Healthwise, Seine-Saint-Denis also paid a disproportionately heavy price. The combination of large families in cramped quarters and a lack of doctors and hospital beds left the local population particularly exposed to the virus. And while many Parisians fled to countryside residences or switched to working from home, the capital’s poorer suburbs supplied most of the frontline workers who kept the metropolis running.

But for France’s proudly egalitarian — and supposedly colour-blind — institutions, the racialised nature of such inequalities simply doesn’t exist, neither as a statistic nor as a distinct social experience. 

“All that talk of equality and fraternity, it’s bullshit,” said former journalist Divy Vasanth, slamming the authorities and the media for refusing to engage with minorities and acknowledge racial inequalities.
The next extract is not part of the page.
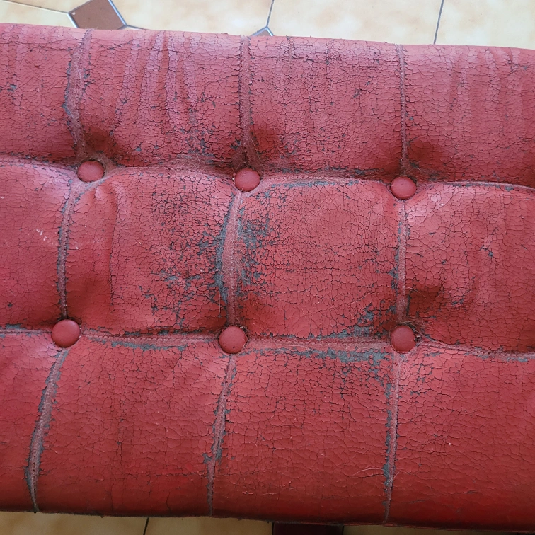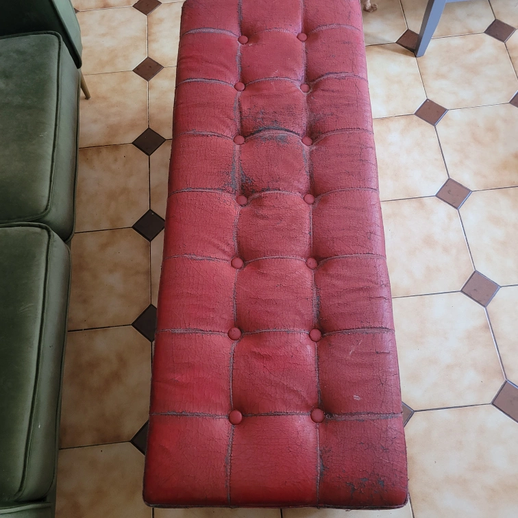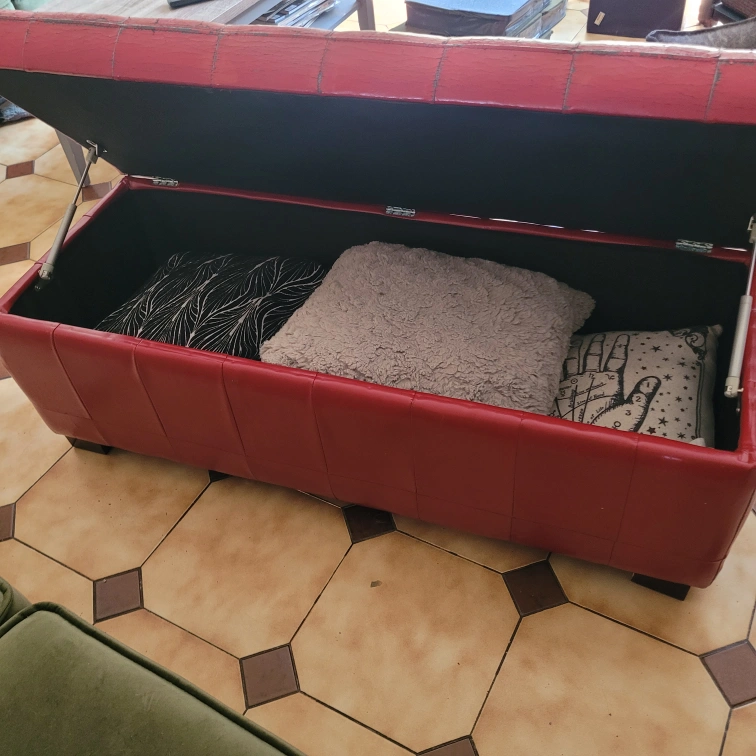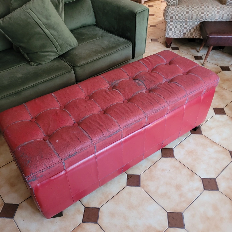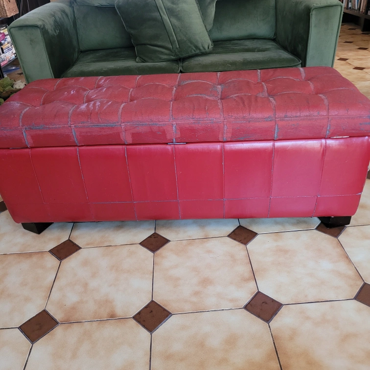 Red faux leather storage ottoman with tufted top and brown legs. It has hinges to open the top, which reveals a storage space. The ottoman is in good condition but has cracking in the material (pictured). Pick up only. Will be donating it in a week or two if not grabbed as I'm moving.

Vasanth pointed to the case of French singer and actress Camélia Jordana, who recently caused a storm by using the term “massacre” to talk of police violence in the suburbs. The ensuing backlash, he argued, is indicative of a society that ignores people so long as they live in the banlieue and expects them to be grateful and “shut up” when they are successful. 

“When Assa Traoré speaks, she’s told to shut it because she’s from the suburbs. And when Camélia Jordana says something, she’s told she has no reason to complain,” Vasanth said. “They don’t listen to what we have to say: they mock the words we use and ignore the substance.”

Police ‘suffering too’

“We’re black, brown, white etc. This is the reality. And we need to stop pretending that blacks and others are not discriminated against,” said Maelle M., a 23-year-old student from the Paris suburbs, standing nearby with a sign reading: “It’s not black vs white. It’s everyone vs racists”.

Maelle and her friend Aline also dithered at length before joining the rally, fearing for their safety. They carried milk and eye drops in their rucksacks to ease the sting from teargas. 

“Of course France and America are very different countries, but they have a common enemy: racism,” said Maelle. “Nothing will ever change until people are educated about racism. Starting with the police.”

For Maelle M. (right) and her friend Aline, tackling racism is they key to healing the fraught relationship between police and youths in the suburbs.
For Maelle M. (right) and her friend Aline, tackling racism is they key to healing the fraught relationship between police and youths in the suburbs. © Benjamin Dodman, FRANCE 24

The antagonism between French police and minority groups in deprived areas reflects a structural reluctance to engage with local communities.

The establishment of community policing, at the turn of the century, marked a short-lived attempt to bridge the gulf with residents of the banlieues. But the so-called police de proximité (proximity police) jarred with the tough “law and order” rhetoric of conservative firebrand Nicolas Sarkozy, who disbanded the unit after becoming France’s interior minister in 2002. 

“You’re not a social worker,” Sarkozy famously told an officer who had helped organise a football tournament for youths in a poor suburb of Toulouse. 

Ever since, left-wing politicians have regularly floated the idea of reintroducing some form of police de proximité. But former President François Hollande’s Socialist government made no such attempt. Instead, to the dismay of minority youths singled out by police, Hollande’s administration reneged on a campaign promise to introduce a form of written receipt for all identity checks carried out by officers — a measure long advocated by campaigners against racial profiling.

Such broken promises have widened the gulf between politicians and minorities, said Loom, lamenting the small number of politicians attending Tuesday’s rally.

“Only the extremes take an interest: the far left to support us and the far right to back the police,” he quipped. “As for the mainstream, they don’t care.”

Loom said politicians were not helping the police by allowing the cycle of violence and hatred to drag on instead of addressing its root causes. Officials should reintroduce community policy and stop deploying rookie officers with no knowledge of the terrain, he argued.

“When talking about the banlieue, people use the words ‘gangs’ and ‘omertà’ (code of silence). But there’s far more omertà in the police,” he said. “And they’re suffering from this too.”